Thailand’s Finance Minister Ekniti Nitithanprapas disclosed in a business forum on Friday that the country’s economic foundation remains solid due to robust financial and fiscal conditions, with government stimulus policies expected to bolster growth in the fourth quarter of 2025.
Both inflation and unemployment are below 1%, and public debt stands at 64% of GDP, comfortably under the legislated ceiling of 70%. He noted that banks maintain capital reserves well above regulatory requirements, while foreign reserves are currently three times the nation’s short-term external debt, expressing confidence in a fourth-quarter recovery.
Meanwhile, Thailand’s economic expansion slowed to 1.2% year-on-year in the third quarter, marking the weakest performance in four years. The nation has trailed regional peers since the pandemic and is in the midst of persistent challenges, including U.S. tariffs, elevated household debt, and a firm baht.
To stimulate growth, the government has introduced a 44 billion baht consumer subsidy program alongside other initiatives. Ekniti added that the government plans to unveil a new support package for small businesses next week and is considering measures to accelerate major investment projects, with the goal of boosting investments by 200 to 300 billion baht in 2026.
Separately, Commerce Minister Suphajee Suthumpun discussed efforts to strengthen trade competitiveness as Thai export growth is projected to moderate in 2026. She highlighted the strengthening baht, which has appreciated 5.6% against the U.S. dollar this year, making it Asia’s second-best-performing currency after Malaysia’s ringgit.

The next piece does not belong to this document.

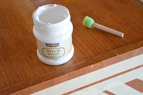 Volt még egy kis Pentart Dekor Paint Soft festékem, ezt vittem fel a felületre.
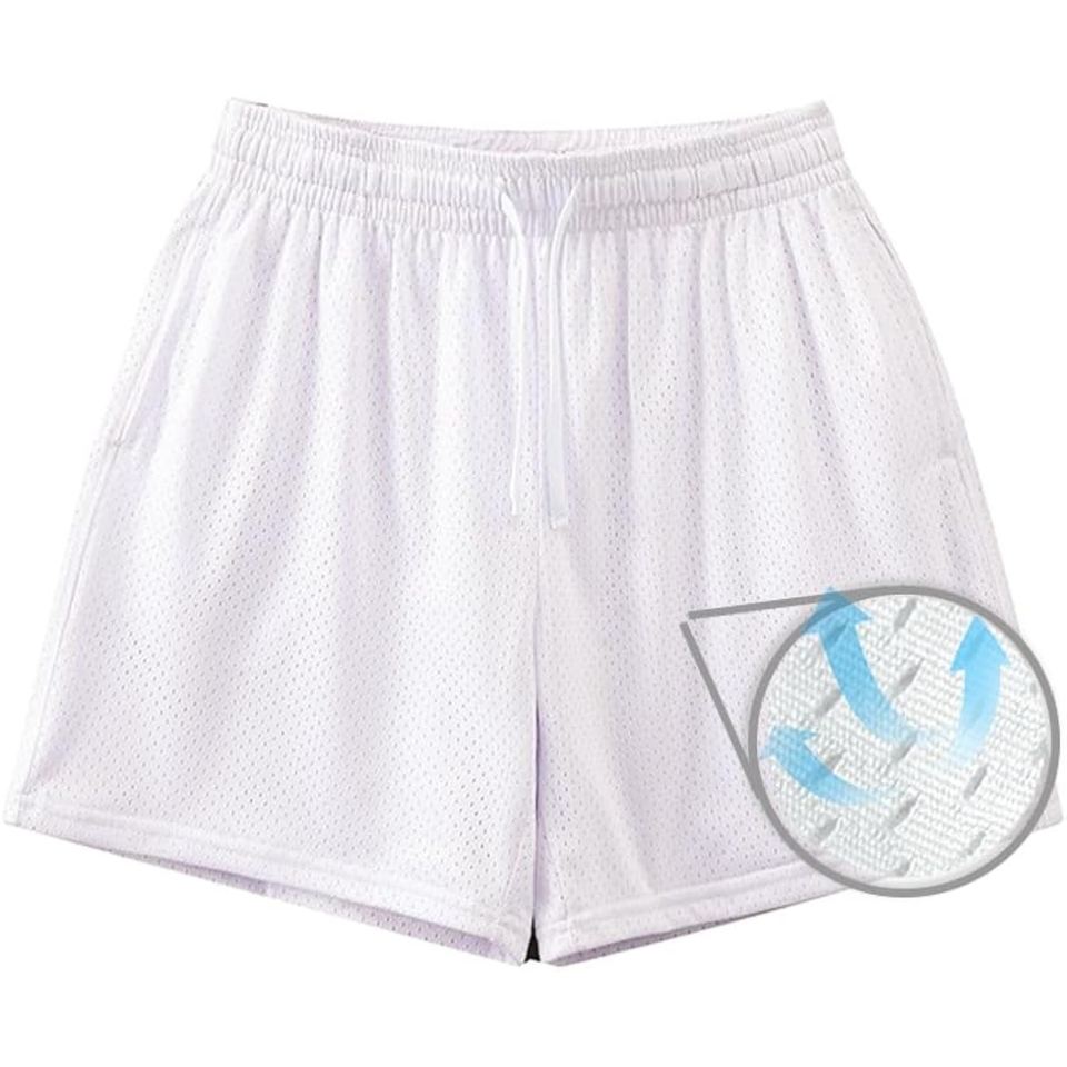 กางเกงขาสั้นออกกำลังกายผ้าตาข่ายสำหรับผู้ชาย พิมพ์โลโก้ได้ น้ำหนักเบา แห้งเร็ว ระบายอากาศดี ดีไซน์สำหรับวิ่งและเล่นกีฬา

Suphajee noted ongoing trade discussions with the United States, focusing on gaining exemptions for certain products from U.S. tariffs.
The minister also cautioned exporters about Washington’s concerns over transshipment practices, where goods are routed through Thailand from a third country to bypass tariffs. She emphasized that, as global investor interest in Thailand rises, there is a need for greater use of local content.